Simple explanations for perplexing news headlines.
* A poll shows that the US public blames politicians in Washington, D.C., more than they do Wall Street, for the bad economy. While legislative changes and lack of regulation, pushed in Washington, had a role, the economic crisis was mainly caused by criminality and/or criminal irresponsibility on the part of the banks and the securities industry.
So why is Washington taking the fall here (to the extent that a lot of people blame President Obama for the TARP bailout, which was Bush’s doing)? Because Wall Street owns the media corporations like Fox Cable News that bombard the American people with the propaganda message that government is bad and inept, whereas corporations are sleek and efficient. Of course, the Federal government is still here, but Lehman Brothers is not, which suggests the opposite.
* Only 9% of the media coverage of President Obama is positive in tone, whereas over 30% of the coverage of Rick Perry and Michele Bachmann is positive, with other Republican candidates trailing closely.
Since Barack Obama is clearly a highly intelligent and competent leader who has done relatively well given that he became president when the US was going over the Niagara Falls in a barrel, it is on the surface baffling that he should be pilloried while a nut job like Bachmann and a nonentity like Perry are relatively feted.
But if you follow Media Matters fact checking regularly, you wouldn’t be surprised.
*Journalists are calling the Occupy Wall Street protests “unprecedented.”

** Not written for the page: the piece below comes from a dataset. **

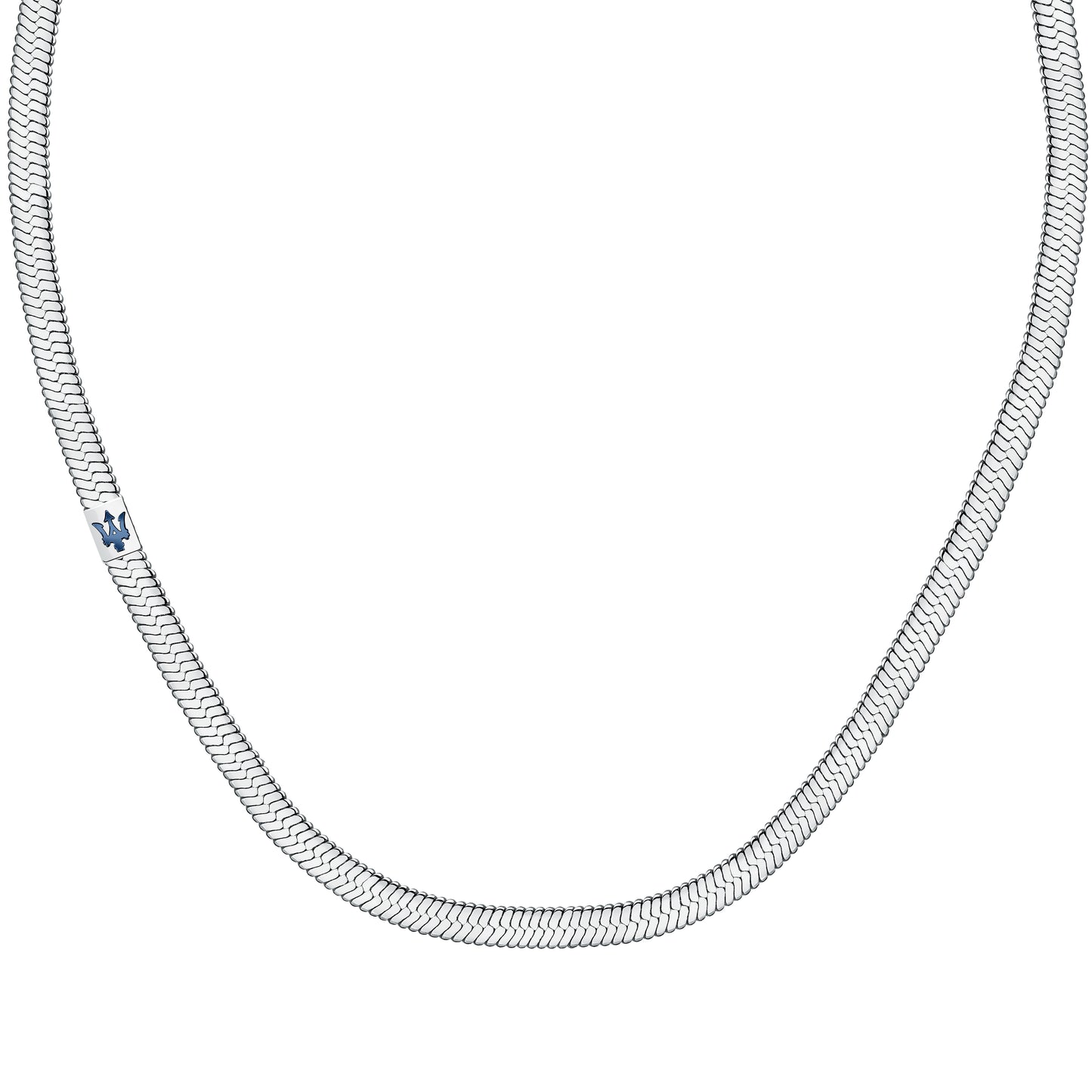 Collana in acciaio modello snake con tridente blu. Lunghezza 55 cm.

This characterization can only be offered because the long history of democratic and progressive protests against Wall Street, going back to the Jeffersonian democrats, is typically not taught in American schools, and US television is careful to remain ahistorical and to teach people to think ahistorically. Everything is explained by character, emphasis is put on timeless celebrity, and social and historical causation is ignored. As Glenn Greenwald rightly puts it, “Anyone expressing confusion about why these protests are erupting or what the ‘message’ is is almost certainly someone invested in keeping things exactly the way they are.”
* Republican representative Cliff Stearns told NPR that the US “can’t compete with China to make solar panels.”
But General Electric is confident that it can compete, and is building a 400-megawatt facility in Aurora, Colo, to produce cadmium telluride thin-film solar panels. GE is confident that it has the technology and deep pockets and business expertise to compete in that industry.
So how come GE is more confident than Stearns? Hmm. Maybe Stearns is in the back pocket of Big Oil?